Factors Affecting Dissolution Rate

• Dissolution rate is how quickly a solute dissolves in a solvent.
• Affected by:
  • Temperature: Higher temperature usually increases the rate.
  • Stirring: Stirring or agitation increases the rate by bringing fresh solvent into contact with the solute.
  • Particle size: Smaller particle size increases the surface area, leading to a faster dissolution rate.
  • Concentration: As the solution approaches saturation, the dissolution rate decreases.

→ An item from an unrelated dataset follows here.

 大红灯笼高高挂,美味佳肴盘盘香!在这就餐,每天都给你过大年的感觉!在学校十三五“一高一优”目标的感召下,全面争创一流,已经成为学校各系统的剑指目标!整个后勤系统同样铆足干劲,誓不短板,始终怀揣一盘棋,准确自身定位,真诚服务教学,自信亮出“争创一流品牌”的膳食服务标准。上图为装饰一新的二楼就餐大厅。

Saturated, Unsaturated, and Supersaturated Solutions

• Saturated solution: Contains the maximum amount of solute that can dissolve at a given temperature.
• Unsaturated solution: Contains less solute than the maximum amount it can dissolve.
• Supersaturated solution: Contains more solute than it can theoretically dissolve at a given temperature; these solutions are unstable.

Colligative Properties

• Colligative properties are properties of solutions that depend on the concentration of solute particles, but not on the nature of the solute.
• Important colligative properties include:
  • Vapor pressure lowering: The vapor pressure of a solution is lower than that of the pure solvent.
  • Boiling point elevation: The boiling point of a solution is higher than that of the pure solvent.
  • Freezing point depression: The freezing point of a solution is lower than that of the pure solvent.
  • Osmotic pressure: The pressure required to prevent the flow of solvent across a semipermeable membrane.
• These properties are described by equations that relate the change in the property to the molality of the solute and the van't Hoff factor (i).
  • van't Hoff factor (i) accounts for the number of particles a solute dissociates into in solution (e.g., NaCl dissociates into two ions, Na+ and Cl-, so i ≈ 2). For non-electrolytes, i = 1.

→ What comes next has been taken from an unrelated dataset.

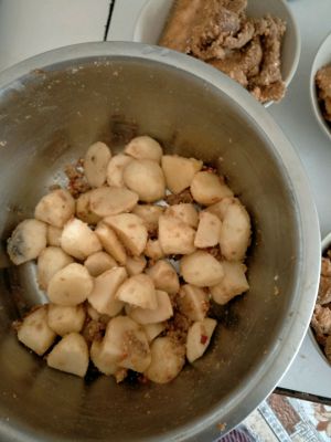 腌制入味的肉分批倒入蒸肉米粉,一边拌均匀一边倒入米粉,如果过干,可加适量清水

Deviation from Ideal Behavior

• Ideal solutions follow Raoult's Law perfectly.
• Raoult's Law: The vapor pressure of each component of an ideal solution is proportional to the mole fraction of that component in the solution.
• Real solutions may deviate from ideal behavior due to:
  • Solute-solvent interactions: If the solute-solvent interactions are stronger or weaker than the solute-solute and solvent-solvent interactions, deviations occur.
  • Non-ideal behavior is more pronounced at higher solute concentrations.
• Positive deviations: Vapor pressure is higher than predicted by Raoult's Law (weaker solute-solvent interactions).
• Negative deviations: Vapor pressure is lower than predicted by Raoult's Law (stronger solute-solvent interactions).

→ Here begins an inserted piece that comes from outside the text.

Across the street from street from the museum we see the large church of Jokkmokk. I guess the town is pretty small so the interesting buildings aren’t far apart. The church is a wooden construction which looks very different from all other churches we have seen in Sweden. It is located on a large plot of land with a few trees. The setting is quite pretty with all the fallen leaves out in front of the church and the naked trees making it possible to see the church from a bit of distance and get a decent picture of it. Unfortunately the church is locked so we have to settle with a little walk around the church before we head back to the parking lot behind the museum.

Electrolytes and Nonelectrolytes

• Electrolytes: Substances that dissociate into ions when dissolved in water and conduct electricity.
  • Strong electrolytes: Dissociate completely (e.g., strong acids, strong bases, soluble salts).
  • Weak electrolytes: Dissociate partially (e.g., weak acids, weak bases).
• Nonelectrolytes: Substances that do not dissociate into ions when dissolved in water and do not conduct electricity (e.g., sugar, ethanol).

Applications of Solutions

• Chemical reactions: Many chemical reactions occur in solution.
• Biological systems: Solutions are essential for life processes (e.g., blood is a solution).
• Industrial processes: Solutions are used in many industrial processes, such as manufacturing, pharmaceuticals, and food production.
• Environmental science: Solutions are important in understanding environmental processes, such as water pollution and acid rain.

Purification Techniques

• Distillation: Separates liquids based on boiling points.
• Crystallization: Separates solids based on solubility.
• Chromatography: Separates components based on their different affinities for a stationary phase.
• Filtration: Separates solids from liquids.